Global Review: How much influence have foreign political powers like the CP China or others on the party finances and politics of the south-east Asian parties? In Malaysia Najib was ousted fort he 1 MBD scandal when he admitted these were donations by Saudi Arabia?
WS: There are always state secrets and secretive ruling parties. For the region, China is the increasingly important economic partner with huge investments and loans, but also with a considerable extraction of natural resources like tropical hard wood and minerals. I haven’t come across any evidence of direct influence of the Communist Party of China on political parties in SEA, except possibly in Laos, where the Communist Lao People’s Revolutionary Party may be a client and useful for all sorts of concessions for Chinese companies.
The Saudi donation saga of Najib Razak in Malaysia is difficult to believe. An amount of 682 million $ which was found in Najib’s personal accounts, is not peanuts, even for Saudi royals. But the case is unfolding at the moment, and more evidence may come to light in the coming months.
Global Review: If money politics is so rampant in SAE, are there any efforts to promote transparency of party finances or anti-corruption legislation Are there any powerful NGOs or political groups in favor of this? Is money politics accepted as it promotes economic growth in SEA or is it criticized? Could this change if south-east Asian countries were less successful or a recession, economic crisis or financial crisis occurred, like 1997 the Asian financial crisis?

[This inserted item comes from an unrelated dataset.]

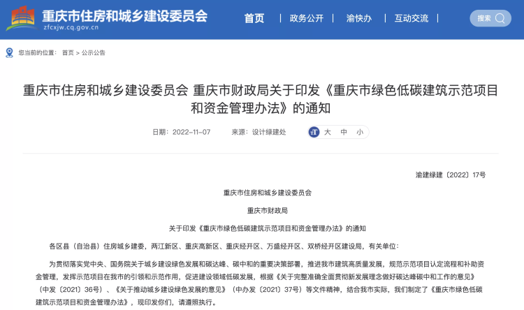 11月9日,为促进建设领域绿色低碳发展,发挥示范项目在重庆市的引领和带动作用,日前,重庆市住房城乡建委与重庆市财政局共同出台了《重庆市绿色低碳示范项目和资金管理办法》(以下简称《办法》)。根据《办法》,重庆将对绿色建筑示范项目、近零能耗建筑示范项目、可再生能源区域集中供冷供热示范项目及既有公共建筑绿色化改造示范项目给予财政补助资金,最高补助1500万元。

WS: There are efforts from critical NGOs, but also from inside the governments to fight corruption, especially on the political level. Legislation in several countries and the pertinent control institutions look often good on paper but the enforcement is either insufficient or invalidated by the forces which profit from the illegal transfers. Indonesia has made enormous progress in fighting general and political corruption with the Corruption Eradication Commission (KPK), with numerous convictions of sometimes very powerful political figures. But the KPK is also under attacks which try to undermine its efficiency and reach. The police, which is considered as rather corrupt, has threatened to establish an anti-corruption agency itself as a rival, in order to weaken the KPK. So far, the public opinion and President Joko Widodo have prevented such a move. But with the enormous resources of Indonesia, the competition for profits cannot be overestimated, no surprise in view of the rampant corruption all over the world.